About the Lectin
The lectin from the seeds of Dioclea grandiflora (DGL) is a Man/Glc- specific tetrameric protein with physical and saccharide-binding properties reported to be similar to that of the jack bean lectin concanavalin A (ConA). Unlike other plant lectins, both DGL and Con A bind with high
affinity to the core trimannoside moiety, 3,6-di-O-(alpha-D-mannopyranosyl)-alpha-D-mannopyranoside, which is present in all asparagines-linked carbohydrates. 1 Unlike Con A, DGL does not bind to biantennary complex carbohydrates. This was confirmed by showing that biantennary complex glycopeptides do not bind to a DGL-Sepharose affinity column. Unlike ConA, DGL does not show enhanced affinity for a large N-linked oligomannose carbohydrate
(Man9 glycopeptide) relative to the trimannoside. Thus, DGL and ConA share similar epitope recognition of the core trimannoside moiety. However they exhibit differences in their fine specificities for larger N-linked oligomannose and complex carbohydrates. 1 The overall structure of the DGL complex is similar to the structure of the ConA-trimannoside
complex. 2 The location and conformation of the bound trimannoside as well assists hydrogen-bonding interactions in both complexes are nearly identical.
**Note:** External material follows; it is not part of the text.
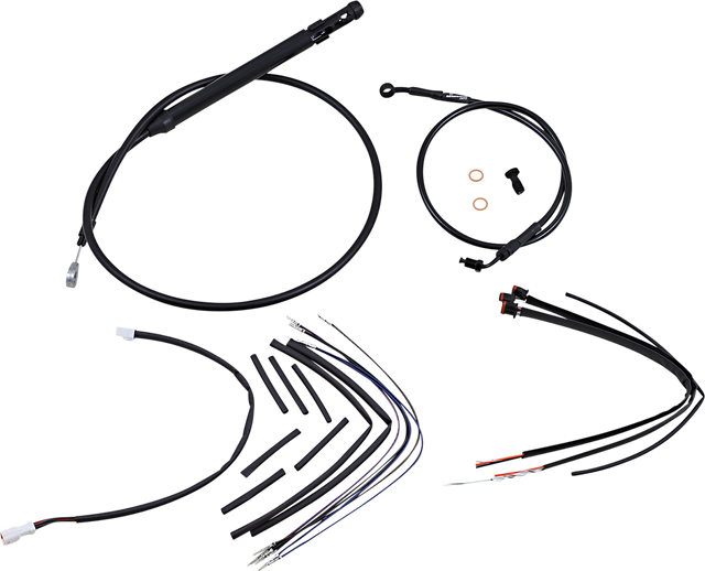 Kit includes extended brake line (unless noted), extended clutch cable/clutch line, extended throttle/idle cables as required and all necessary wiring

However, differences
exist in the location of two loops outside of the respective binding sites containing residues 114-124 and 222-227. The latter residues affect the location of a network of hydrogenbonded
water molecules that interact with the trisaccharide. Differences in the arrangement of ordered water molecules in the binding site and/or protein conformational differences outside of the binding site may account for the differences in the thermodynamics of binding of the two lectins to deoxy analogs of the trimannoside. Molecular modeling studies suggest how DGL discriminates against binding the biantennary complex carbohydrate relative to ConA. 3
C. bonariensis, C. floribunda, D. rostrata, and D. violacea, like D. grandiflora, show substantially reduced affinities for a biantennary complex carbohydrate with terminal GlcNAc residues, while C. brasiliensis, D.guianensis, and D. virgata, like ConA, exhibit affinities
for the oligosaccharide comparable with that of the trimannoside.Thermodynamic data obtained by ITC indicate different energetic mechanisms of binding of the above two groups of lectins to the complex carbohydrate. The ability of the lectins to induce histamine release from rat peritoneal mast cells is shown to correlate with the relative affinities of the proteins for the biantennary carbohydrate. 4
- Gupta, D., et al. (1996) European J. Biochem. 242: 320-326.
- Naismith,J.H., et al. (1996) J.Biol.Chem. 271: 972-976.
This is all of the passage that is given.